YOUR GOAL: The pictures do not go in the copy. Reproduce the rest of the entries exactly.

ENTRIES SUPPLIED:
▽

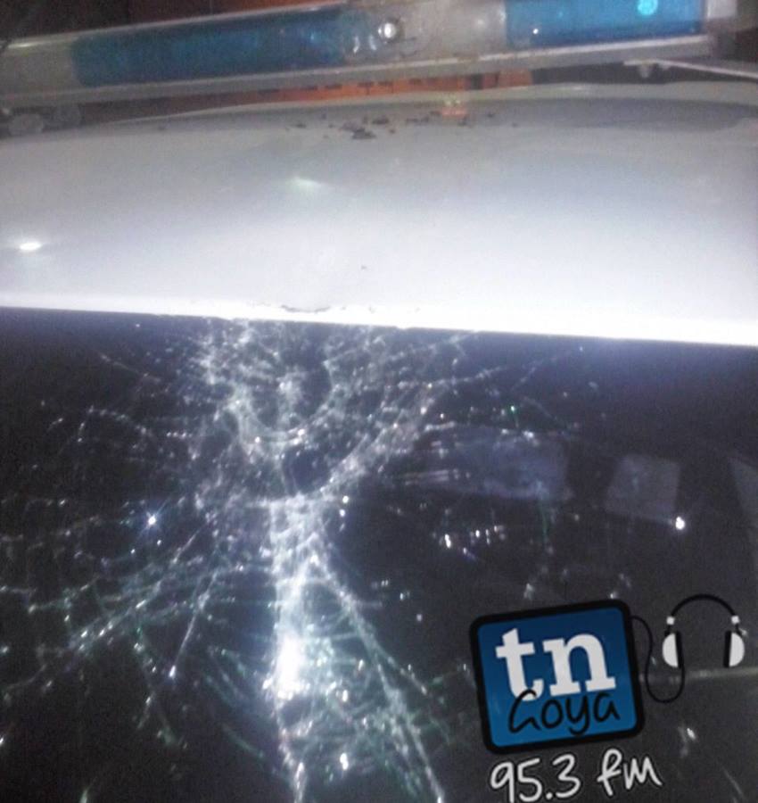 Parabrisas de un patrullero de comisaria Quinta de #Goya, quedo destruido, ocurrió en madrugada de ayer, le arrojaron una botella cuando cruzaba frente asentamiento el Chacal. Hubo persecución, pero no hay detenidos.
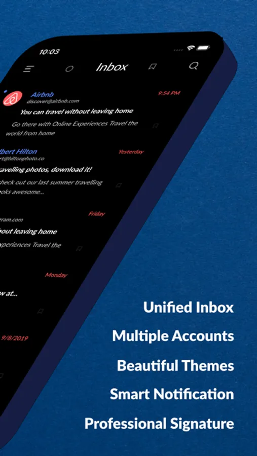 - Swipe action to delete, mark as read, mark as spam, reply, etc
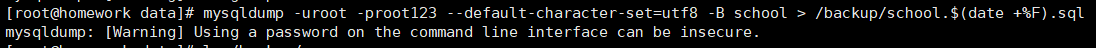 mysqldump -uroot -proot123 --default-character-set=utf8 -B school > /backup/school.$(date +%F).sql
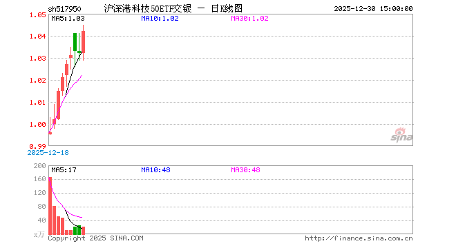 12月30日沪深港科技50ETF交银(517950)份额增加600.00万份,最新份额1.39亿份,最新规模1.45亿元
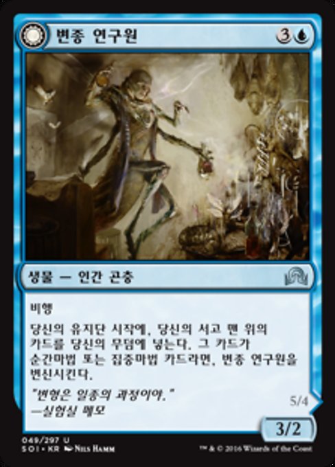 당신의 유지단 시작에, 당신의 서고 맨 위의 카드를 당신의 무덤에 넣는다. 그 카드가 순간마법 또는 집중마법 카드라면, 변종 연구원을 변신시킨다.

△

OUTPUT FOR THIS TASK:
 Parabrisas de un patrullero de comisaria Quinta de #Goya, quedo destruido, ocurrió en madrugada de ayer, le arrojaron una botella cuando cruzaba frente asentamiento el Chacal. Hubo persecución, pero no hay detenidos.
 - Swipe action to delete, mark as read, mark as spam, reply, etc
 mysqldump -uroot -proot123 --default-character-set=utf8 -B school > /backup/school.$(date +%F).sql
 12月30日沪深港科技50ETF交银(517950)份额增加600.00万份,最新份额1.39亿份,最新规模1.45亿元
 당신의 유지단 시작에, 당신의 서고 맨 위의 카드를 당신의 무덤에 넣는다. 그 카드가 순간마법 또는 집중마법 카드라면, 변종 연구원을 변신시킨다.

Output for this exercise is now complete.